Serious Eats / Vicky Wasik
Prepping pie dough and fillings in advance—and baking your pie the day before Thanksgiving—reduces stress, ensures better results, and frees up precious oven space on the big day.
Every year as Thanksgiving nears, my phone lights up with texts from friends looking for advice on all things pie: how far in advance they should make their doughs and fillings, how to make the silkiest pumpkin pie, and more. For the entire month of November, I become a personal pie hotline, fielding questions left and right. This year, however, I'm streamlining things by publishing a guide—for my friends, family, and the general public—that answers some of the most frequently asked questions about pie. For additional insight, I reached out to three experts: Ashley Drum, executive pastry chef of ABC Kitchen and ABCV in Manhattan; Kelly Mencin, pastry chef and owner of Radio Bakery in Brooklyn; and award-winning pastry chef and cookbook author Caroline Schiff.
Prep Ahead
When I asked Mencin, Drum, and Schiff what readers could do to make Thanksgiving baking easier, they all recommended prepping pie doughs and fillings in advance and baking your pie the day before Thanksgiving. "Thanksgiving baking for me really comes down to planning and making sure I'm not baking anything the day of," Mencin says. "I make my pie shells up to a month in advance and freeze them."
Though Schiff doesn't prep as far in advance as Mencin, she does recommend making your pie dough up to three days ahead, filling up to two days before, and baking your pie the day before you plan to serve it. "Consider what you absolutely need your oven for on the big day. Generally, that's the turkey and the sides, so dessert should really be done the day before," she tells me over email.
Drum, who relies on detailed checklists to get everything done, even runs a test a few weeks ahead to troubleshoot any issues that might arise.
Keep Your Pie Crust Cold
For the flakiest crust, it's essential to keep the dough as cold as possible. Drum advises freezing all ingredients for at least 30 minutes before mixing the dough, which helps it stay cold and ensures it bakes into crisp, flaky layers. "If it gets too soft, put it back in the fridge, take a breath (or a drink!), and come back to it," she says.
"You want to make sure that the butter is frozen and cold, so that when it hits the oven, the water [in the butter] melts and expands immediately," creating pockets of steam that lift the dough and set into nicely buttery layers, Mencin tells me.
Similarly, Schiff emphasizes the importance of resting and chilling the dough well. "Let it chill again once you've rolled and shaped it into the crust," she says. "This helps it hold its shape while baking and prevents shrinking."
Yes, Canned Pumpkin Is Fine
Though Drum makes purée from scratch using low-moisture zuccuri squash—noting that it gives her pies more complexity—both Mencin and Schiff swear by the canned stuff. "Making purée from scratch means there's a lot of variation in the water content, which can affect the recipe," Schiff says. "Most recipes are well-tested using canned purée, and it's a very consistent product."
Serious Eats / Robby Lozano, Food Stylist: Tricia Manzanero, Prop Stylist: Keoshia McGhee
Bake Your Pumpkin Pie Low and Slow
Pumpkin pie filling consists of pumpkin, eggs, and dairy, typically evaporated milk, condensed milk, or heavy cream. "If you bake it too high, you're going to coagulate the eggs too quickly and the custard will curdle and break," Mencin warns. "I wouldn't bake it above 325°F (160°C)." One of the easiest ways to guarantee success is to use an oven thermometer, which will tell you exactly how hot or cold your oven is.
Both Drum and Schiff advise pulling the pie from the oven when it seems almost underdone. "It should be wobbly in the center, and just barely set around the edges because it will continue to cook as it cools," Schiff says.

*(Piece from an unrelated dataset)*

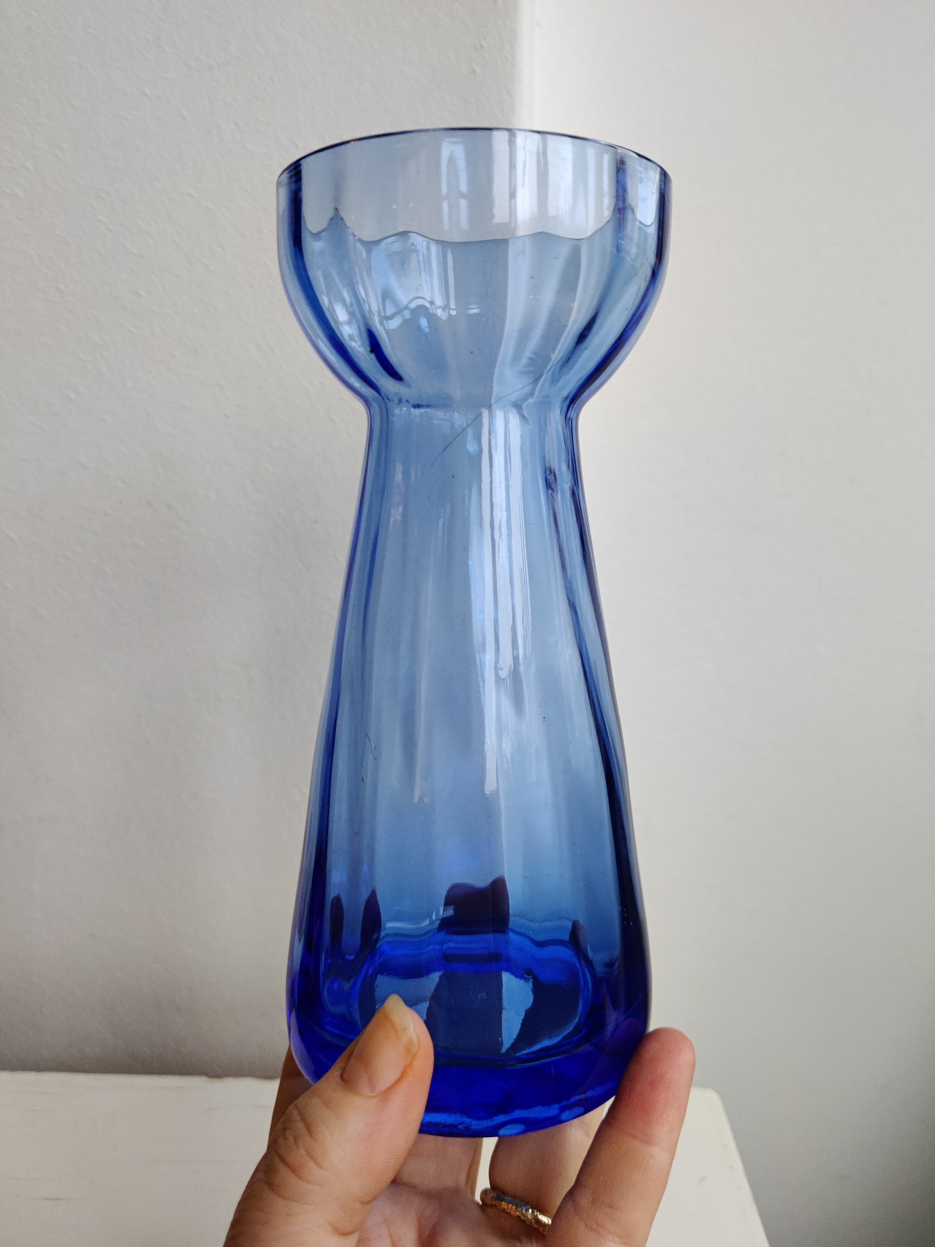 Smuk ældre hyacintvase med tung bund. Ingen hakker eller skår. Højde 18 cm, bredde 7,5 cm.

It's also key to let the pie cool gradually and completely at room temperature, which will "keep the surface smooth and uncracked," Drum tells me. Place it in the fridge too soon, and the drastic temperature change can result in fissures across the top.
Practice Makes Perfect
For those intimidated by the prospect of making and shaping pie, both Drum and Mencin recommend heading to YouTube—where home cooks can find videos and tutorials from professionals like former Serious Eats editor Stella Parks—for a better visual understanding of techniques such as crimping and shaping the crust. "I personally hate making pies," Mencin confesses. "That's how I practiced, just watching the videos and doing it as they did."
Still, if your pie doesn't look flawless, don't sweat it. "Odds are a pie that isn't perfect will still be delicious, and with each attempt, you'll learn and refine your skills," Schiff says. "A little uneven crimping, a broken lattice, or some jammy fruit juices that bubble over the sides are kind of how pies are! Who cares? You made a pie, and it's going to make everyone happy."